• **ASSIGNED TASK**
Going line by line through the records below, write out everything starting with the line containing "Ben eseguito il" and going on through the line containing "寒假期间,心起点同航空工业成", exactly and inclusively. Pictures do not go in.

• **GIVEN INFORMATION**
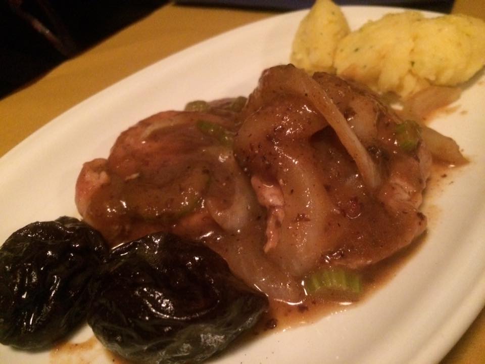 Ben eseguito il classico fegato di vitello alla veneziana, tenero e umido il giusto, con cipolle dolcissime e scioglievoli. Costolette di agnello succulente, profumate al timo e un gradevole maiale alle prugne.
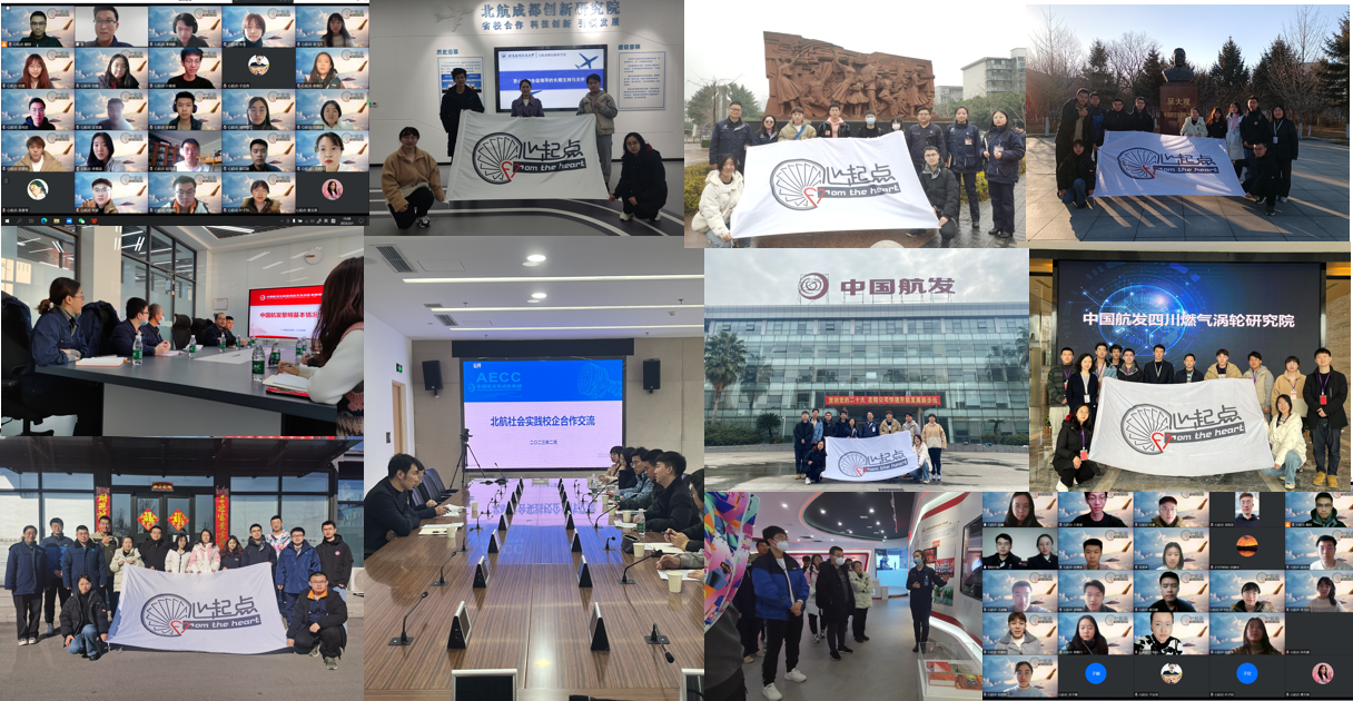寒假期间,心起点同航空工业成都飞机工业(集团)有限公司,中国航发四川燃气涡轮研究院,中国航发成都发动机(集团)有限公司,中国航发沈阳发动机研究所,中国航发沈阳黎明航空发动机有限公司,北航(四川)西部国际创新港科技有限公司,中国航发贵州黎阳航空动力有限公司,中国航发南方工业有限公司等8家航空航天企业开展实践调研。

---

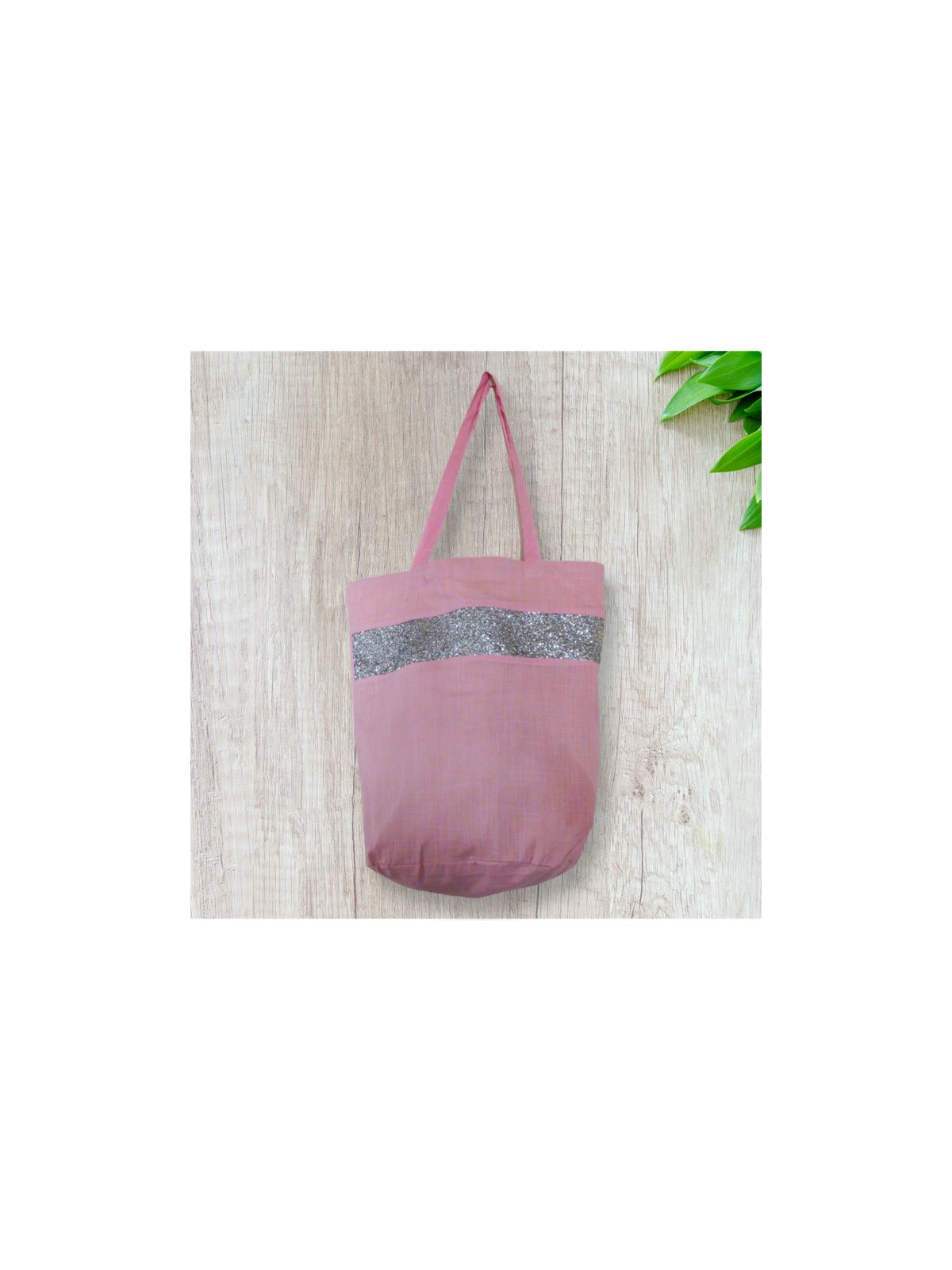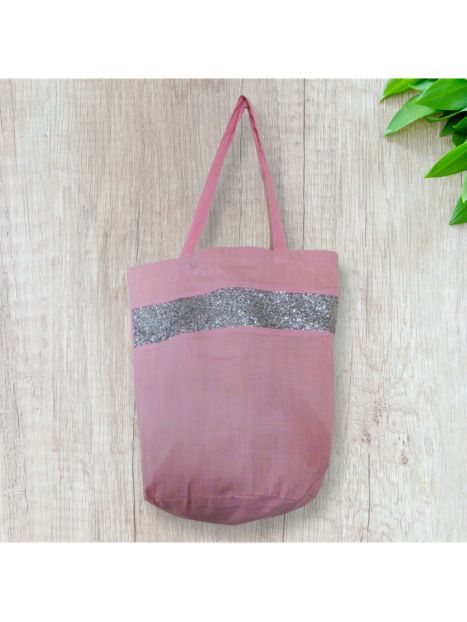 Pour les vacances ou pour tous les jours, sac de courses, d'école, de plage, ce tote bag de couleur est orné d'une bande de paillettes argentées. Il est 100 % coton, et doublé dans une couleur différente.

...

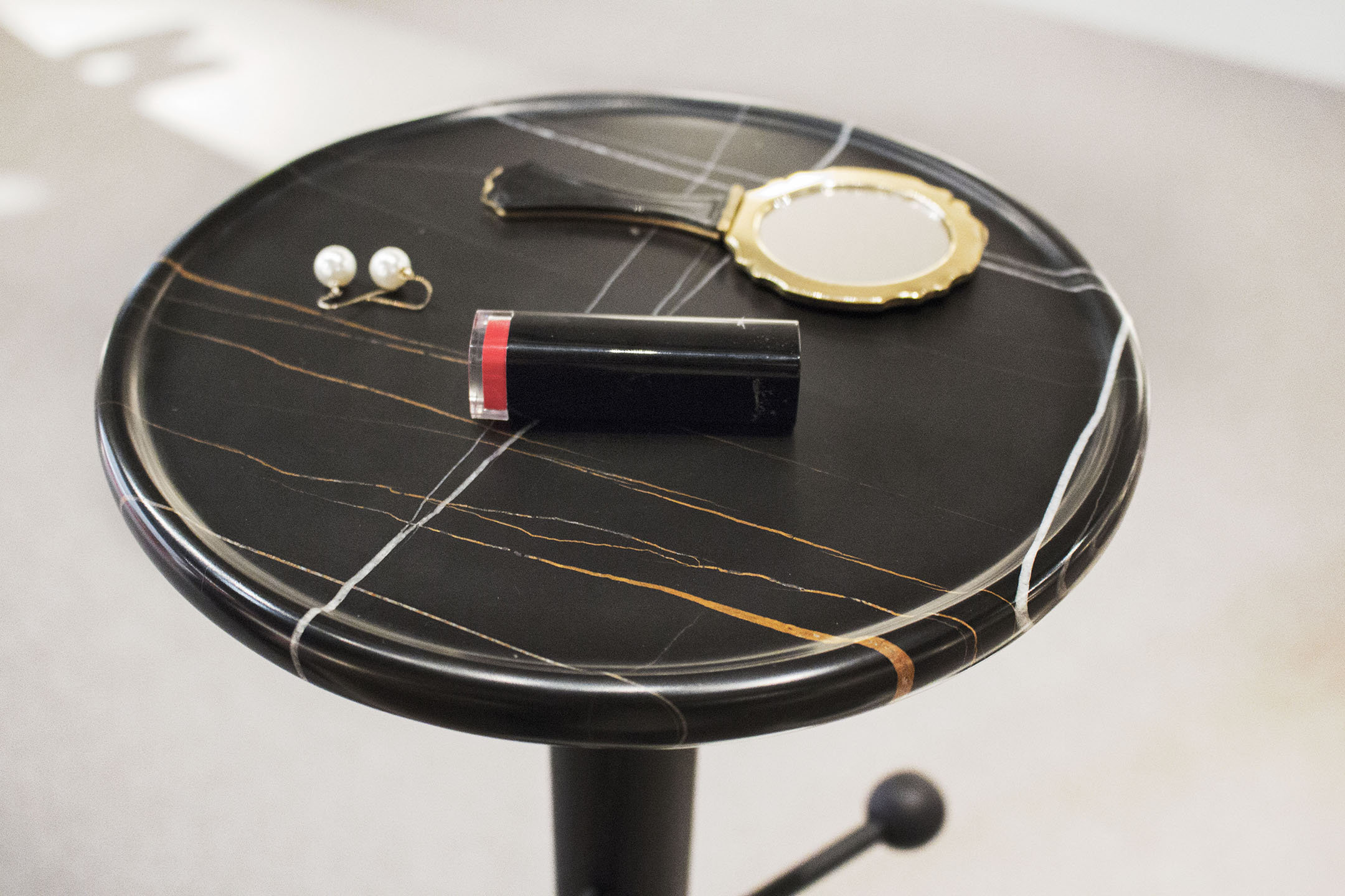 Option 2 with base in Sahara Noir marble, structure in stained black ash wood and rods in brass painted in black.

• **ANSWER SECTION**
 Ben eseguito il classico fegato di vitello alla veneziana, tenero e umido il giusto, con cipolle dolcissime e scioglievoli. Costolette di agnello succulente, profumate al timo e un gradevole maiale alle prugne.
寒假期间,心起点同航空工业成都飞机工业(集团)有限公司,中国航发四川燃气涡轮研究院,中国航发成都发动机(集团)有限公司,中国航发沈阳发动机研究所,中国航发沈阳黎明航空发动机有限公司,北航(四川)西部国际创新港科技有限公司,中国航发贵州黎阳航空动力有限公司,中国航发南方工业有限公司等8家航空航天企业开展实践调研。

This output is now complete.